The first two releases really make a statement that your mission is to put out classics, or in this case, a new classic and something that’s really up-and-coming, but was also released for free. How did you decide on this as the starting point?
James: We liked the idea of pairing a more classic record with a newer mixtape. We wanted to put something from years ago [alongside] something really fresh.
Sam: It gives us a nice balance because there are other labels that do hip-hop reissues and they do a really good job with it. But us coming at it from this angle [where we] put it out because nobody’s gonna touch it.
Is that because it’s so difficult to get the rights? It can be difficult to get the masters to do these releases, so how are you guys navigating the business side of doing this?
James: We have been working in the music industry, so we know the right contacts. You have to use them, but also reach out to the right people. And with the independent stuff, like G Perico, we’re just reaching out blindly and saying that we’re big fans and asking if they want to do something.
Sam: It was just us emailing people at random. And they don’t know. We could be anyone telling this story about how we want to put their record out on vinyl, but we got loads of responses.
James: You will see in a couple months, some of the stuff we’re putting out is insane. It’s some pretty high level stuff just through reaching out to people.
Sam: I think they also like the fact that we’re English, as well. I don’t think that they’re expecting that when we speak to them on the phone.
“Rap’s roots are vinyl.”
How is the remastering process working? Are you getting WAV files or are you doing a proper remastering?
James: We are provided different things from different people, but we have a really great studio that does it. The albums sound incredible. Future sounds better than it’s ever sounded. It’s really high level. We want everything to be really high-quality: packaging, remastering. We want it all.
Sam: I think people are going to be quite surprised when they see the packaging for Future. There is silver reflector sleeve and the colored vinyl looks insane.
What’s going into making those decisions, like what color to make the vinyl? I would imagine purple comes up a lot.
James: Drug influences do come up with someone like Future.
Sam: Almost every record we’ve done is from south and we’ve said, “Oh, you can just make it purple.” But I think the [blue] Perico vinyl looks really smart and draws out the front cover.
James: The tie-dye for Future has a psychedelic vibe. It’s kind of trippy.
Sam: We want to go as all-out as we can with the colors. Some of them look really garish but that’s kind of the whole point of what we want to do.
Are there other labels you guys are influenced by, rap or otherwise?
James: When we talk about packaging, there are record labels like Mondo or Sacred Bones [that we love].
Sam: Sacred Bones, the way they do the wax stamps, the packaging is so nice. The attention to details that happens with Mondo and Sacred Bones. And then we like 1017 Brick Squad and… just anything you can’t get over here.

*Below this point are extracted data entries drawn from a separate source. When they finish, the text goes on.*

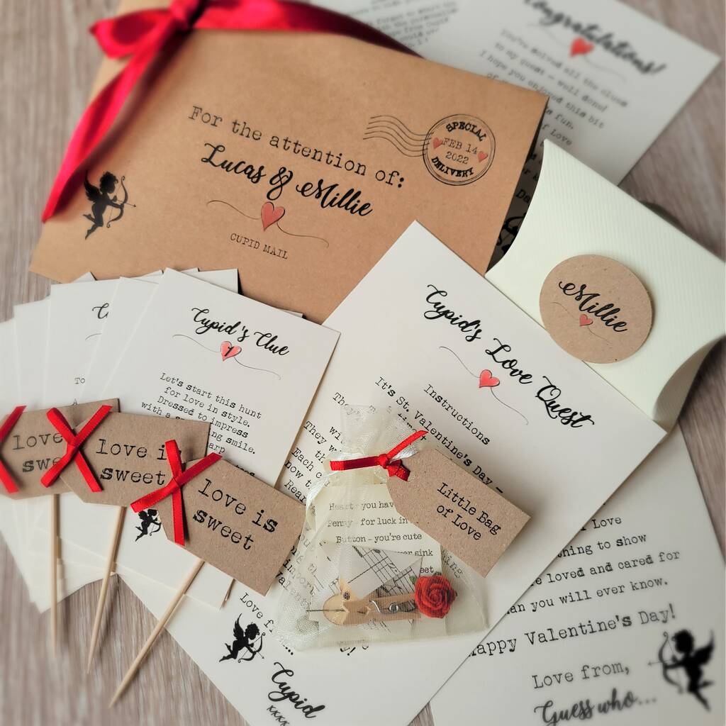 ♥ 6 x ‘Cupid’s Clue Cards’ – each printed with a different rhyming clue to lead them to the next.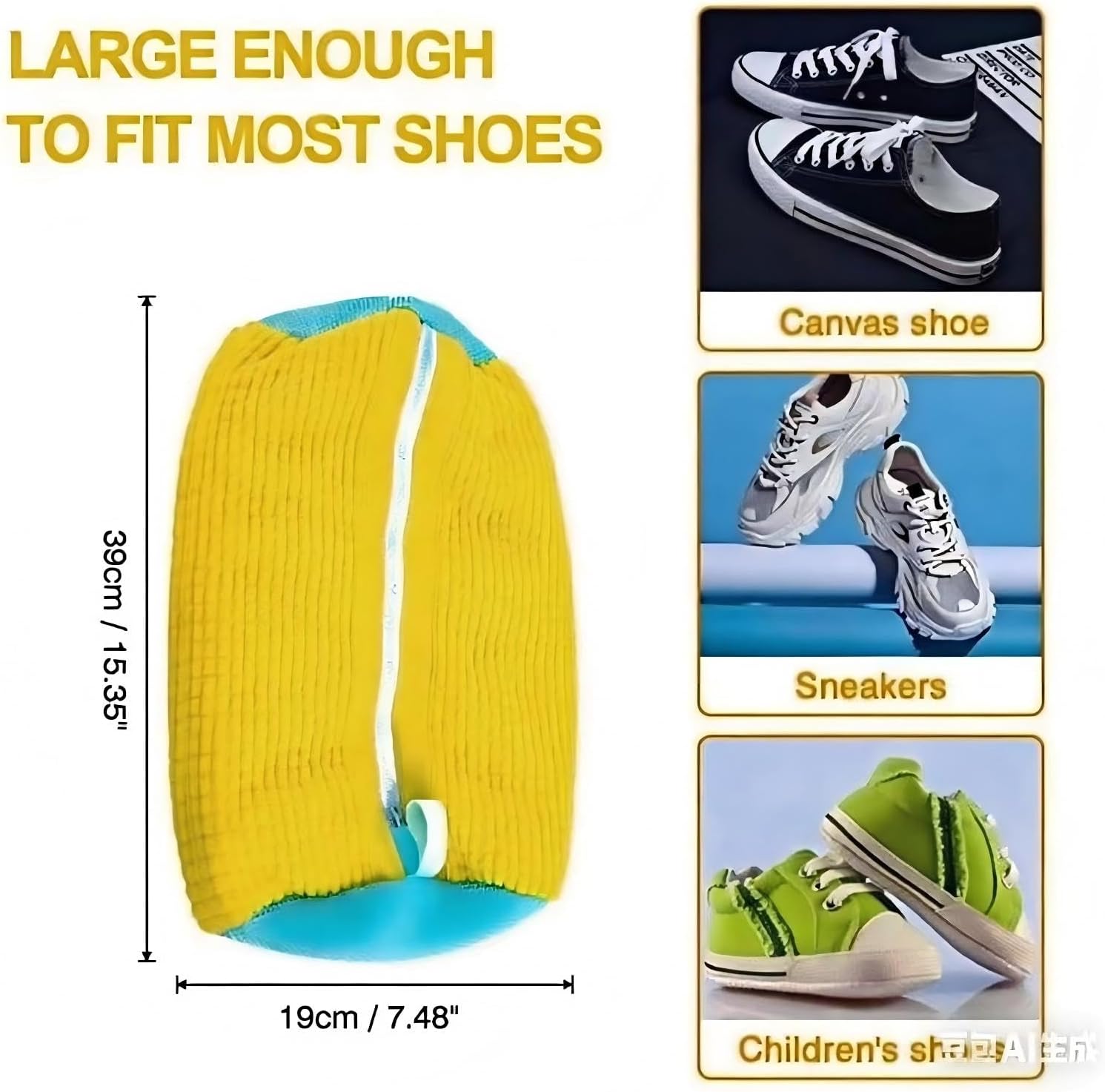 - [All-Purpose Deep Cleaning] Made of polyester nylon, the shoe cleaning bag is tear-resistant and highly permeable. Soap and water easily penetrate into shoes. The plush textured fibers inside provide all-around deep cleaning of your shoes without causing water damage, fading and deformation.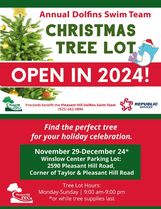 The Dolfins Tree Lot is open now through December 24 (or while tree supplies last) at the Winslow Center Parking Lot, 2590 Pleasant Hill Road. Support the Dolfins Swim Team while you find your perfect tree!

James: We’re obsessed with American culture and underground hip-hop culture.
How do you guys find out about rap music? What are you reading or who are you following?
James: DatPiff, the internet in general makes things so readily available to you. But even before then, when I was 13, [I was] buying mixtapes in Camden Market at a stall there. It’s just developed into the internet. But we’ve both been seeking that stuff out for years, whether it’s in person or on the internet.
Can you guys reveal any of the upcoming releases?
James: Three 6 Mafia’s Most Known Unknown and Cousin Stizz’s Suffolk County are the next two. After that, we have various things… We would like to put out some grime and some stuff from home that represents us, as well. We’re starting those conversations now.